So this happened:
Can we just talk about how excited I am to have this in my hands at last? I’ve been working on this book for five years, not counting the 19 years I spent before that with the main character in my head, trying to figure out what to do with her.
Is it any good? I think it is, but I’m hardly an objective critic. I wrote a novel I wanted to read, set in a town where I’d like to live and populated with people I’d like to meet. It’s hard to be objective about something you’ve been working on for years, but I’ll put it this way: The writing process being what it is, by my most conservative estimate, I’d say I’ve read most of this novel at least two dozen times, and yet I still enjoy reading it, and every time I do, I still find something that feels new — some detail I’d forgotten I wrote, or some flourish that resonates differently now than it did the last time I looked at it. When I sat down with the printed proof a couple of nights ago to look for printing issues and any other little concerns I might have missed, I thought, “I’m really looking forward to reading this just for the fun of it.”
If I can edit a book 24 times and still look forward to reading it just for the sheer enjoyment of the finished product, I feel fairly safe in assuming the average reader will enjoy reading it at least once or twice.

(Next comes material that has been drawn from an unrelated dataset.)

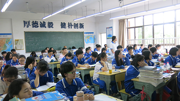 短暂的交流后,交流团一行一起走进教室认真听了我校九位老师九门学科的课,亲身感受我校“双模”教学的魅力。老师们充分展示了其新先进的教学理念、扎实的基本功和朝气蓬勃的活力课堂,获得了交流团同行们的一致认可和称赞。课后,交流团的老师们与任课教师进行了深入的探讨和交流。

I feel light this afternoon. And free. And at the same time, a little lost. I don’t remember what it’s like to wake up without Sierra in my head, demanding to be written. She’s been part of my consciousness since 1991. But finishing her story has silenced the irrational but persistent fear in the back of my mind: What if I die before I finish my novel? It’s a relief to know I don’t have to worry about that any more, but it’s also a little strange to be finished with what I always assumed was my life’s work. I’m only 40. What now? I’ve got other projects going, of course — I’ve always got projects going, and plenty of them — but nothing as all-consuming as this book.
What will rise to take its place? I’m waiting to see. It’s strange to swap a bucket list for a blank sheet of paper and a couple of Pinterest boards, but it’s kind of exciting, too.